* **Task item**:
The response should repeat word for word every line below from the one with "Premium Stone Island" to the one with "3. Каким способом измерили радиус земли", inclusive, and nothing else; leave pictures out.

* **The input**:
★ ★ ★ ★

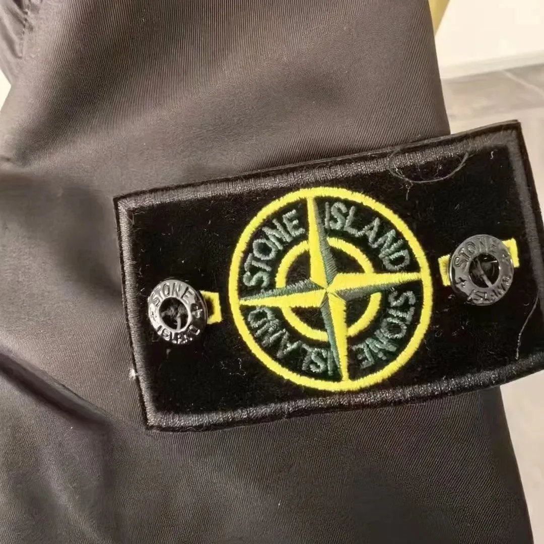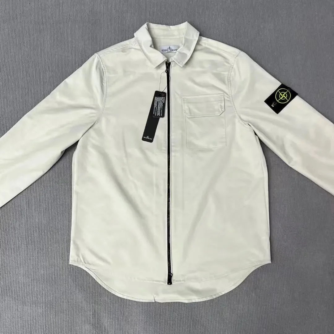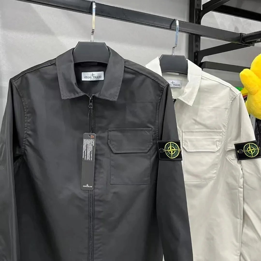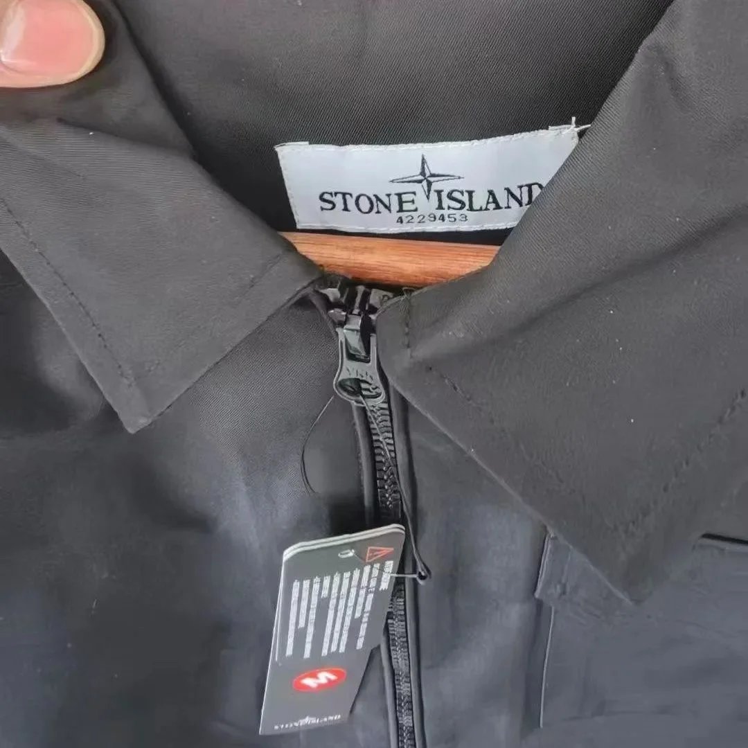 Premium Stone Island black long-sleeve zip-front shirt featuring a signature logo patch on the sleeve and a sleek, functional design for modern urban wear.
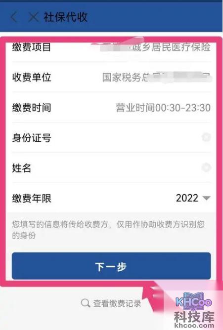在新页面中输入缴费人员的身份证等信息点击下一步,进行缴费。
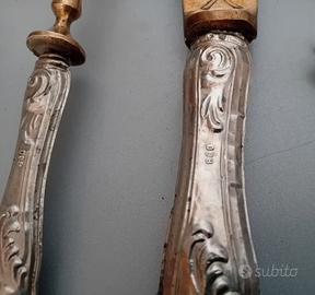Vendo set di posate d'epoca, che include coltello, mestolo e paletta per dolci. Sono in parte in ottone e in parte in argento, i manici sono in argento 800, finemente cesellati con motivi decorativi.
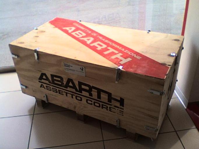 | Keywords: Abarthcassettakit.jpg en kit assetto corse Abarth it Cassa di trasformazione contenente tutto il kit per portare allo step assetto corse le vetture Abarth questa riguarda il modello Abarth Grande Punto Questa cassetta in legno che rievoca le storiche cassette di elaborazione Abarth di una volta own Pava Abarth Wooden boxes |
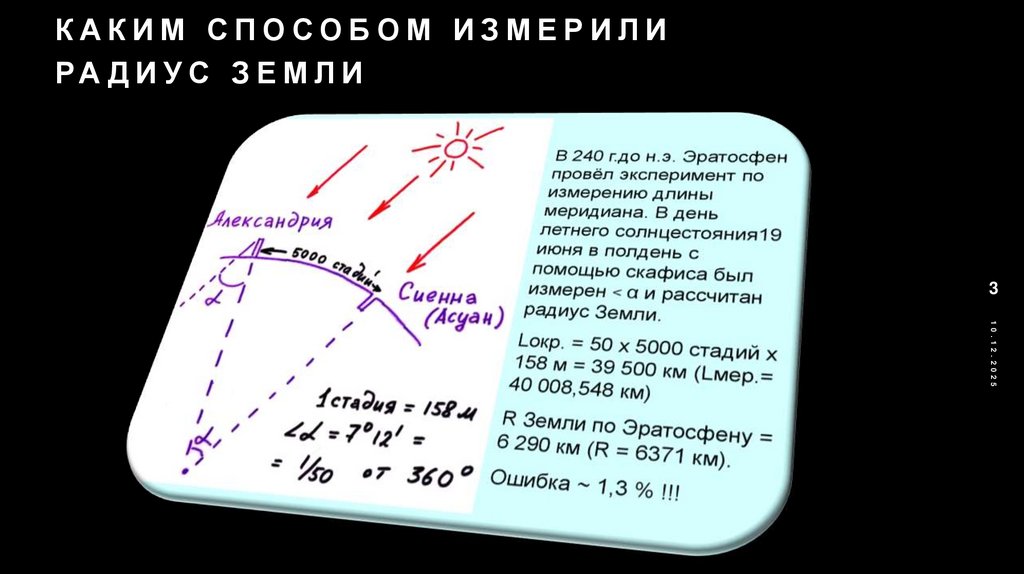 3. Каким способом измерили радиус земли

★ ★ ★ ★

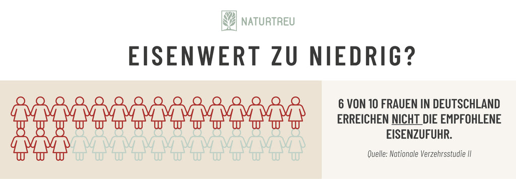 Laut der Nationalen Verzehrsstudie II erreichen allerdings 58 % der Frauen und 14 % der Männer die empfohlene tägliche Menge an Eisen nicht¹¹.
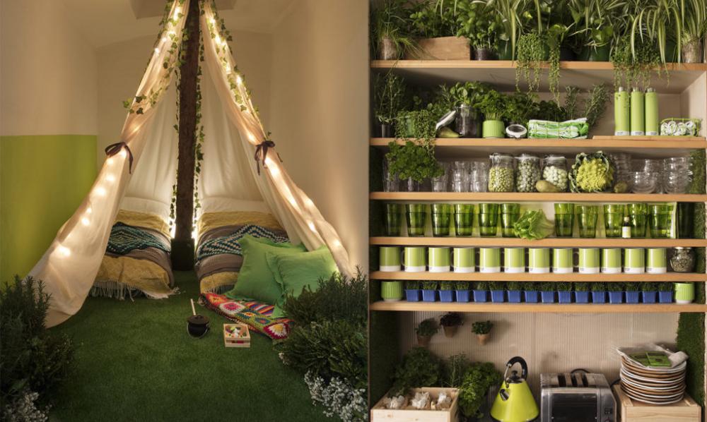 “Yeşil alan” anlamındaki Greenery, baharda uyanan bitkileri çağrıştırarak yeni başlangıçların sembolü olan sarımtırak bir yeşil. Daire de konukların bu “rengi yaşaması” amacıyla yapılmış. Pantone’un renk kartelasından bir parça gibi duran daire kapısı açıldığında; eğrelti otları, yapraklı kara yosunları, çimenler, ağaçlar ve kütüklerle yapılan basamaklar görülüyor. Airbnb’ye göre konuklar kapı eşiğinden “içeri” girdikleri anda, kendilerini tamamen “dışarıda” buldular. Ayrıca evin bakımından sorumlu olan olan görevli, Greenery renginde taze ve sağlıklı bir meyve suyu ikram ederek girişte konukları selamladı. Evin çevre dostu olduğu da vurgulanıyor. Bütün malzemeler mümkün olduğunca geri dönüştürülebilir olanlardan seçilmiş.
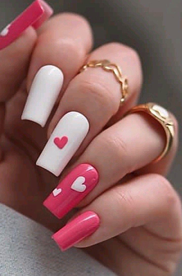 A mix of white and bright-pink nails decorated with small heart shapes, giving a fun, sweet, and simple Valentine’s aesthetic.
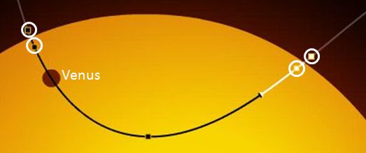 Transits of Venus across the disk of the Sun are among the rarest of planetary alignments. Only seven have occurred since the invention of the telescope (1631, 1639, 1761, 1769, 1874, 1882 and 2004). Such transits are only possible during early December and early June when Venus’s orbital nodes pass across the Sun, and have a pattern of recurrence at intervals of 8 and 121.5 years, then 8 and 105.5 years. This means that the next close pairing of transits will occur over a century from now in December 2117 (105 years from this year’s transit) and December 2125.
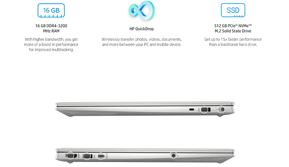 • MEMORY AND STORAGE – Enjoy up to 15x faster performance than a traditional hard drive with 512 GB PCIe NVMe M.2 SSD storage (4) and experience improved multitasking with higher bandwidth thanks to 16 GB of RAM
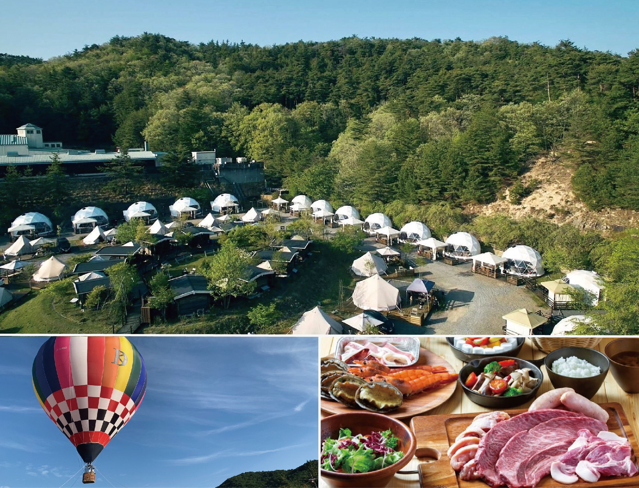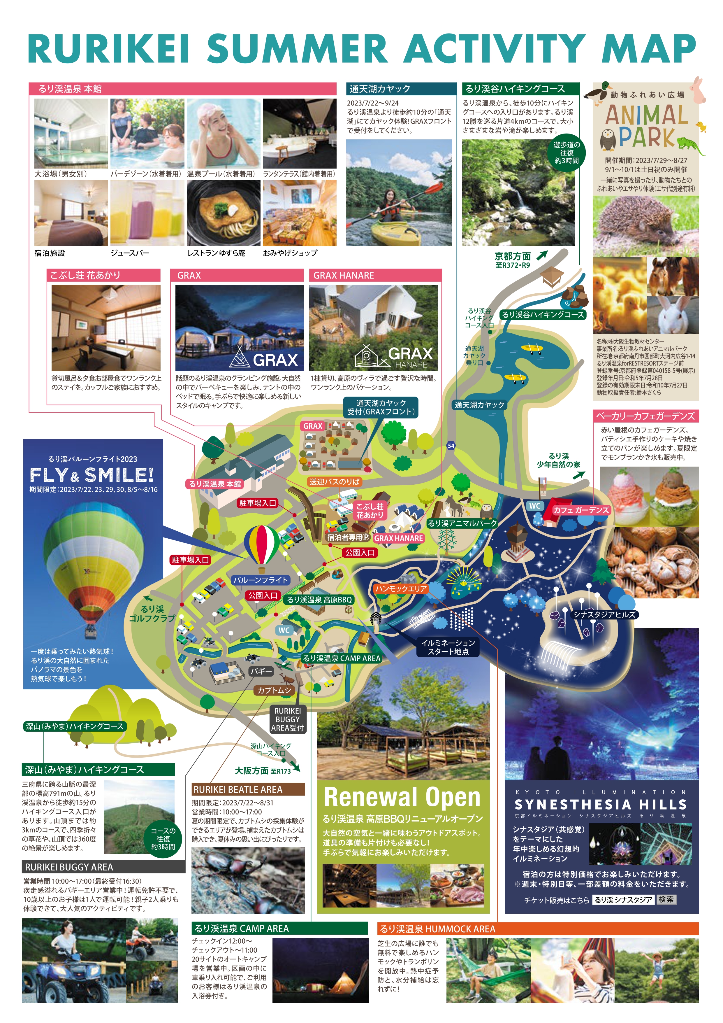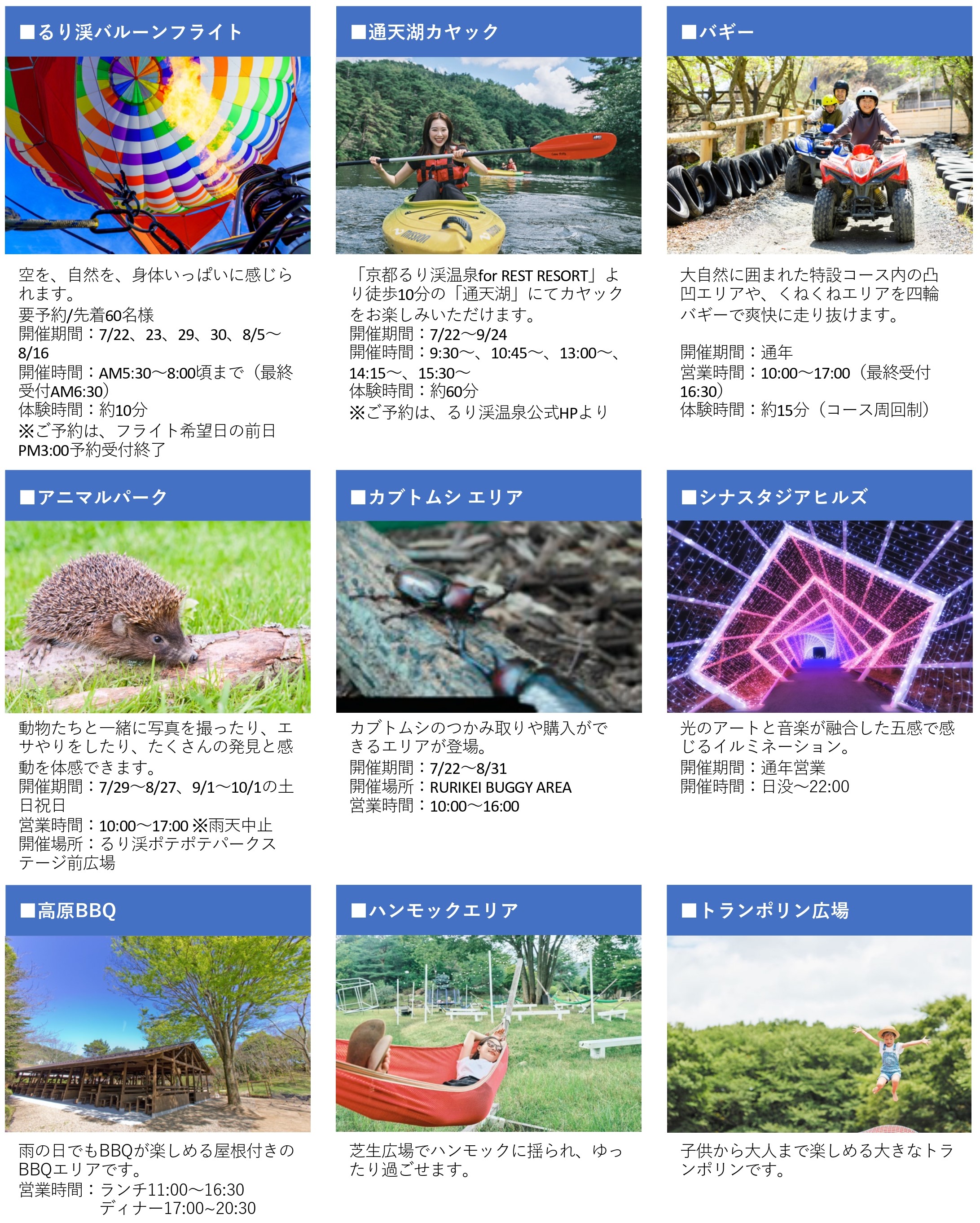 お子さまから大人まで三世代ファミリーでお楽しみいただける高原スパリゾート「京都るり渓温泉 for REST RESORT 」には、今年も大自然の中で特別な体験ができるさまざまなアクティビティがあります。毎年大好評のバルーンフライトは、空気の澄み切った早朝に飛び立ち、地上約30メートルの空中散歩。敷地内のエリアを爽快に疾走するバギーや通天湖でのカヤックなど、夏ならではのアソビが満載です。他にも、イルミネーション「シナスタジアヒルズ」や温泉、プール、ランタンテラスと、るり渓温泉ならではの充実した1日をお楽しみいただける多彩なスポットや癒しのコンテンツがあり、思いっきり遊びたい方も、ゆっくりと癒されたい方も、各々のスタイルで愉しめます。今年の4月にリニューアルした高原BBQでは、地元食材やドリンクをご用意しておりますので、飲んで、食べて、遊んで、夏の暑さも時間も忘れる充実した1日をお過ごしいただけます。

★ ★ ★ ★

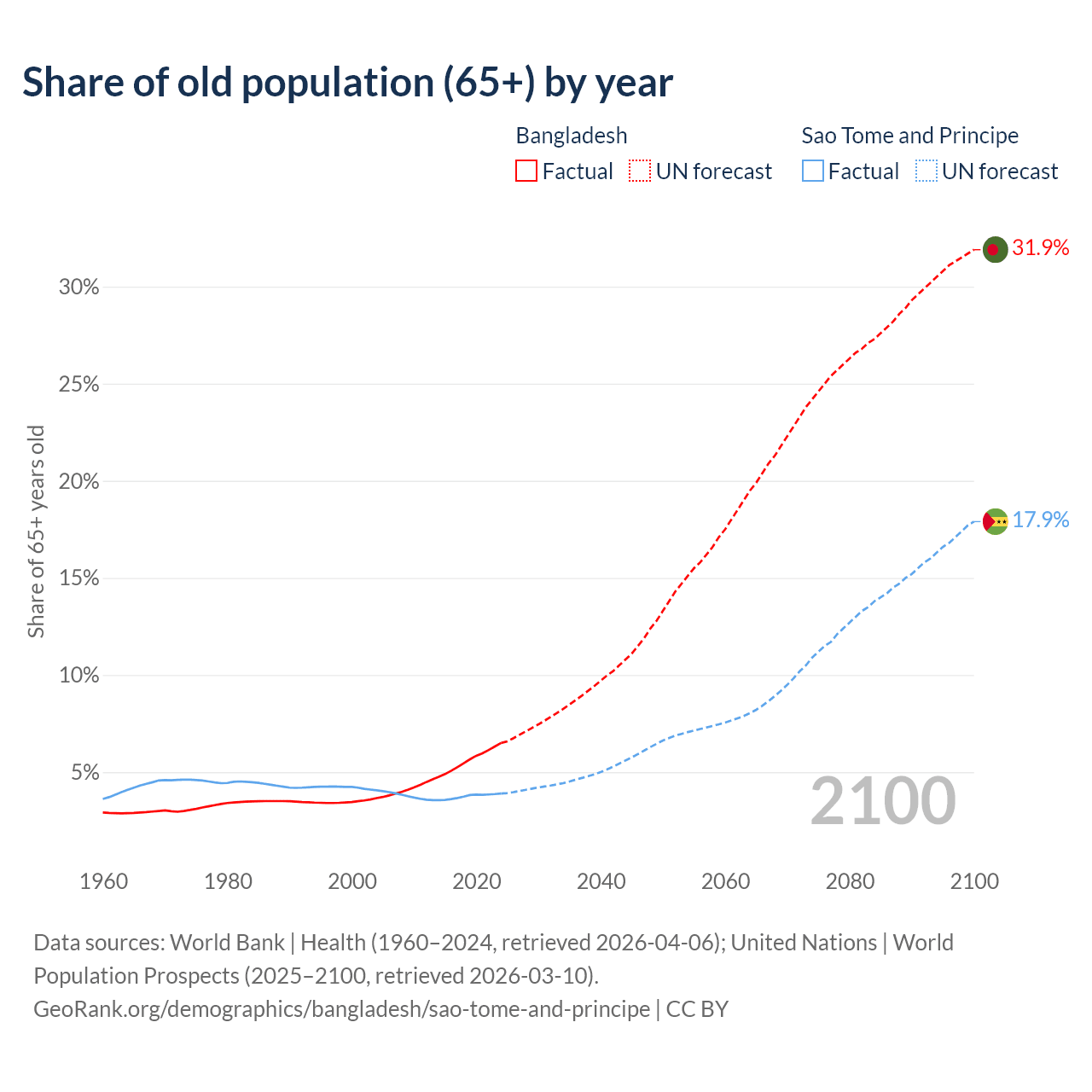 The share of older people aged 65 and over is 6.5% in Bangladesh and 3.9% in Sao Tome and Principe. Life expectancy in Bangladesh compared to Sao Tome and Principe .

★ ★ ★ ★

* **Your solution**:
 Premium Stone Island black long-sleeve zip-front shirt featuring a signature logo patch on the sleeve and a sleek, functional design for modern urban wear.
在新页面中输入缴费人员的身份证等信息点击下一步,进行缴费。
Vendo set di posate d'epoca, che include coltello, mestolo e paletta per dolci. Sono in parte in ottone e in parte in argento, i manici sono in argento 800, finemente cesellati con motivi decorativi.
 | Keywords: Abarthcassettakit.jpg en kit assetto corse Abarth it Cassa di trasformazione contenente tutto il kit per portare allo step assetto corse le vetture Abarth questa riguarda il modello Abarth Grande Punto Questa cassetta in legno che rievoca le storiche cassette di elaborazione Abarth di una volta own Pava Abarth Wooden boxes |
 3. Каким способом измерили радиус земли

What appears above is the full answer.